Отец прошел до ручья, умылся, обтер лицо льняной тряпицей, подошел не спеша и присел рядом. Он молчит, я молчу. Вздохнул маетно, ворот рубахи поправил…

- Уезжаю я завтра. Надолго…, может и навсегда, - сказала я ему, не ходя вокруг, да около. Он поднял на меня голову, глянул ошалело, да тут же взгляд отвел, не решился видно браниться. А может и не браниться вовсе хотел, но, однако, кадык у него заходил ходуном, да кулаки сжались. – Просить тебя хочу, чтоб мамку с Васей не обижал, чтобы миром жили.

- Из-за меня бежишь? Воздуха не хватает, рядом со мной? – не поворачиваясь, спросил он. – Хочешь, я уйду? Одно твое слово, и я …

- Нет, нет, - замотала я головой. – Не в тебе причина. Я уеду, а ты оставайся, ты нужен им, но тот… прежний.

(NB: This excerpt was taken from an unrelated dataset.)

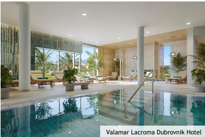
Valamar Lacroma Dubrovnik Hotel

Он сунул руку, за ворот рубахи и крутил его:

- А мне не хватает воздуха, душит, душит меня, – охватил он пятерней себя за шею, показывая. - Вот оно где, давануть бы мне сюда, что есть мочи!

Видеть его было невыносимо, не только из-за вины его, неумолимой, но и от боли, рвавшей его изнутри, что хотелось встать и сбежать, как делала много раз. Но я нашла в себе силы не делать этого. Пододвинулась ближе к нему, свесившему голову на кулак, погладила по широкой спине, сложила на плечах его руки и сказала тихо:

- Я простила тебя, слышишь. Сам себя ты простить смоги.

- Да как же мне простить то себя! – со стоном воскликнул отец. – Так и стоит он у меня перед глазами! – Он выставил вперед руки, ладонями к небу, сам на них посмотрел мутно, покачал ими в воздухе и взревел, хрипя: — Вот этими лапищами, этими самыми, я его, сучий я потрох!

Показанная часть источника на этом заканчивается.